I wipe my tears away but fresh ones follow. The despair and agony in his voice breaks my heart. “I can’t help it. I know how it feels to try and change. I wanted to cut out the part of me that makes me so weak and vulnerable. I didn’t want to be broken. I hated myself because I couldn’t change. Living like everyone else was killing me. Until you came along.”

“If I teach you anything while we’re together, I want you to live. Really live. Your life, your way. If anyone tries to make you feel bad, fuck ’em. Fuck ’em all. Don’t let anyone break you again. Especially me.”

“You wouldn’t hurt me. Not like that.”

“I hope not.” He says it wistfully, his voice aching with regret and heartache yet to happen. “You mean so much to me.”

“Master—” My voice breaks and I don’t care if it’s stupid to say this before we’ve even known each other a week. “I love you. Only you. No matter what.”

“Ranay,” he breathes out, his voice shaking as badly as mine. “If anything happens to you…”

“You’re the one in danger.” I try to laugh and lighten the emotion choking me. “Be careful.”

“I’m not in danger. But I risk your safety every moment I’m with you.”

I shiver, but it isn’t with fear.
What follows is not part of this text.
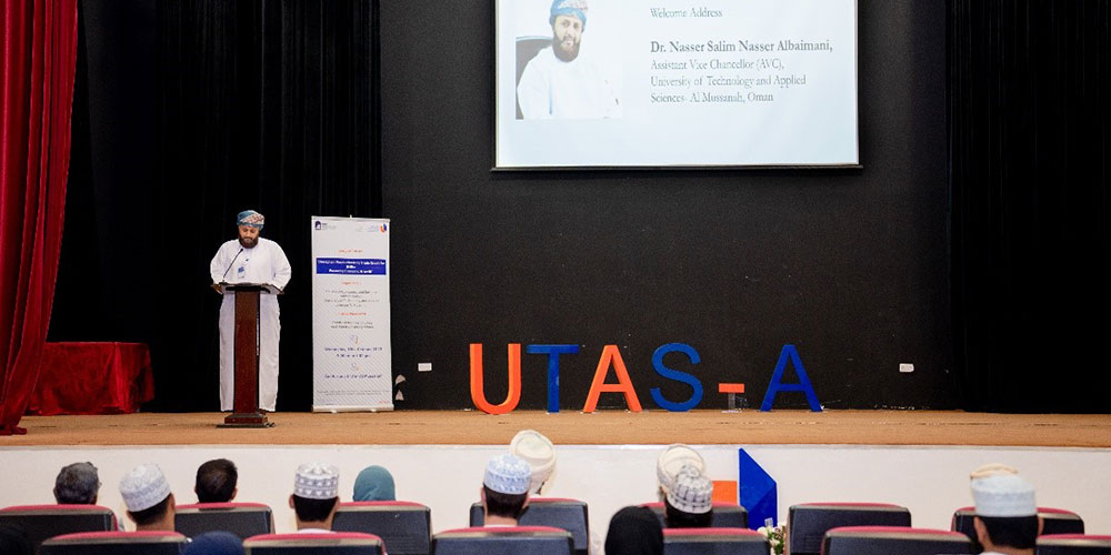 Mr. Ahmed Al Yamani, VP of Technology, Frontier Technology LLC, Al Khuwair, was the Guest of Honor who explained the Blockchain Technology, and Ms. Nooriya Al Balushi, Technical Innovation Specialist, Central Bank of Oman, also shared her thoughts on fintech services in bank and blockchain technology. Representatives from various banks such as Sohar International, Bank Muscat, Ahli Bank, and different SMEs from logistics and small businesses attended the symposium. The faculty from UTAS branches also attended the symposium.

The healing bites on my thighs ache with the memory of his sensual danger. “Red.”

“That’s my girl. I need to go soon. Have you had enough pleasure to get you through the night?”

“I’ve had plenty, but what about you?”

He hums and I can almost see his eyes twinkling with humor. “I’ve had dessert listening to you. Now curl up with Sheba and get some sleep. I’ll talk to you tomorrow night, same time.”

“Promise?”

He hesitates, and I’m glad I challenged him. He always keeps his promises.

“I promise. Sleep tight.”

“Goodnight, Master.”

I bury my face in his pillow and wrap my arms tightly around Sheba. I wish it was him instead, so I could take away his pain. So much darkness and death in his life. How could someone who’s seen such violence and loss be so tender and understanding?

That’s why he has such a dark edge to him. He is dangerous. I believe him, now. But I know the tenderness in his heart too. The way he whisperskittenand kisses my forehead, or makes sure I have enough tasks to get through a miserably long day alone with my history. He’s taking care of me even though he’s gone, better than anyone in my life has ever done.

Sleep eludes me, my thoughts tumbling ever darker and more disturbing. If his father attacked them, killed his mother and nearly killed him…

Did that mean Charlie was forced to kill his own father?

15

After work, I swing by Vanderholt College and park in a guest spot in front of the huge gray box of a building. Decades ago, it used to be a Kmart, but a few years ago they converted into a technical college.

I rub Sheba behind the ears while I build up enough courage to go inside. I don’t have a good track record with college. But that was university, the traditional route of thousands of other nameless freshmen roaming around without a clue. I want to expand my position with Dr. Wentworth so I can handle the animals more rather than manning the receptionist desk. Supposedly Vanderholt offers a vet tech degree. Whether I’ll be able to afford it or not is another question entirely.